Task statement:
Reproduce exactly the lines from the one containing "Mate Imperial Cuero" through the last line of the records below, both included. Leave out any pictures.

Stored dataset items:
╭──
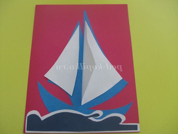 На основу приклеюємо вітрильник. Верхівку щогли залишаємо не приклеєною.
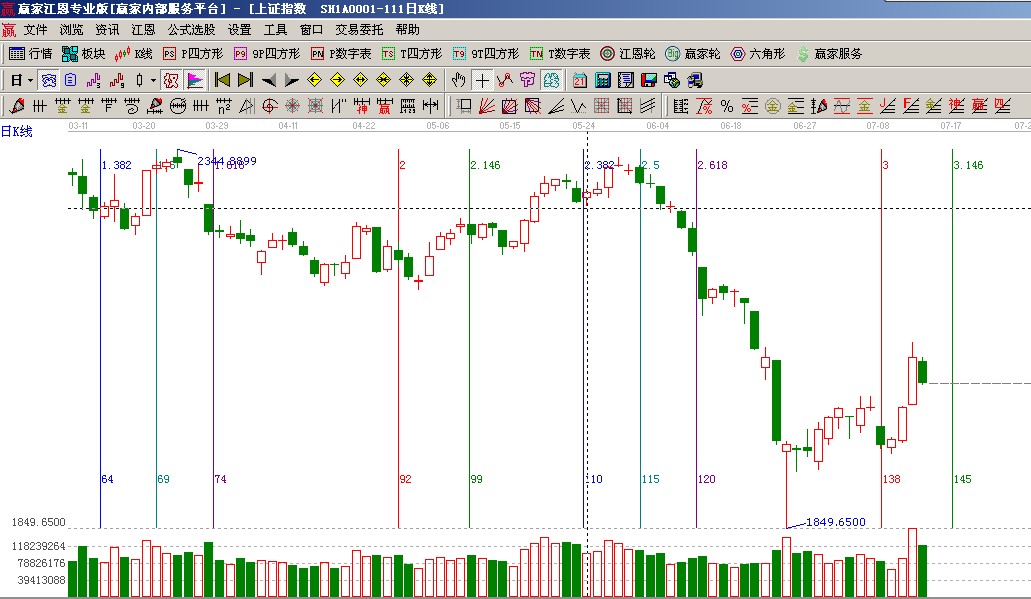 ☆依據(jù)贏家江恩系統(tǒng)極反通道提示:調(diào)整時觀察短周期生命線得失,不破15、30震蕩后還會上沖,失守則確認外軌線;
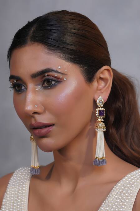 Gold long jhumkis featuring carved purple stone at the center with beaded pearl tassels
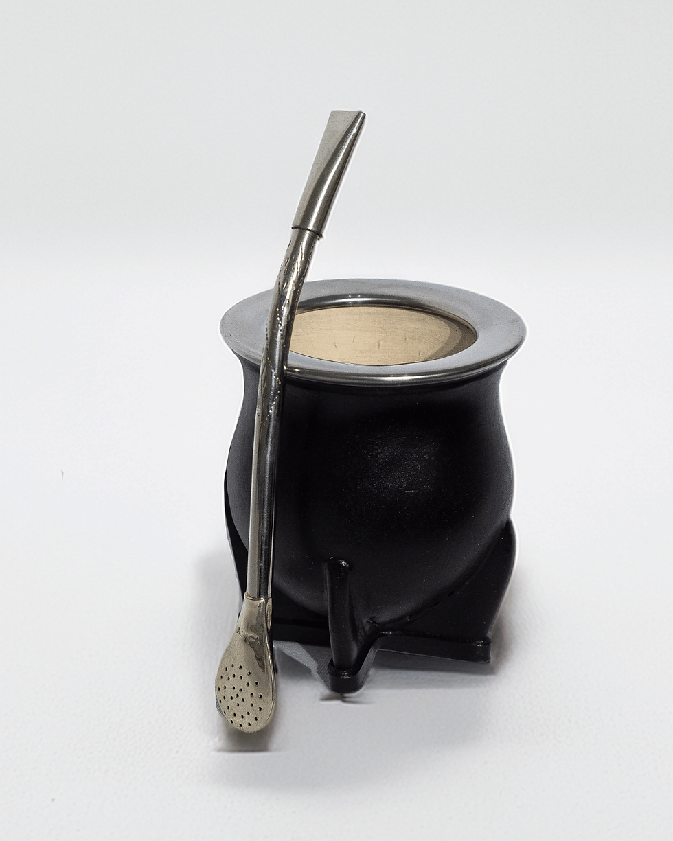 Mate Imperial Cuero Negro Ceramica con Base Bronce
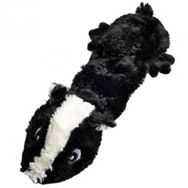 Měkoučká plyšová hračka SHAKY ve tvaru skunka pro psy a štěňata. Hračka má rozměry 32 x 14 x 4 cm. Je vyrobena z jemného plyše, takže nepoškozuje zuby.
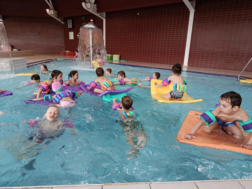 V úterý 7. dubna předškoláčci úspěšně zakončili plavecký výcvik. Na památku obdrželi svá "mokrá" vysvědčení za veškerou snahu, kterou během lekcí vynaložili. Děti si během výcviku osvojily řadu nových dovedností a udělaly tak velké pokroky. Všem plaváčkům patří velká pochvala. Poděkování patří také plavčicím, které se dětem behem deseti lekcí s péčí a trpělivostí věnovaly.
╰──
Task answer:
 Mate Imperial Cuero Negro Ceramica con Base Bronce
 Měkoučká plyšová hračka SHAKY ve tvaru skunka pro psy a štěňata. Hračka má rozměry 32 x 14 x 4 cm. Je vyrobena z jemného plyše, takže nepoškozuje zuby.
 V úterý 7. dubna předškoláčci úspěšně zakončili plavecký výcvik. Na památku obdrželi svá "mokrá" vysvědčení za veškerou snahu, kterou během lekcí vynaložili. Děti si během výcviku osvojily řadu nových dovedností a udělaly tak velké pokroky. Všem plaváčkům patří velká pochvala. Poděkování patří také plavčicím, které se dětem behem deseti lekcí s péčí a trpělivostí věnovaly.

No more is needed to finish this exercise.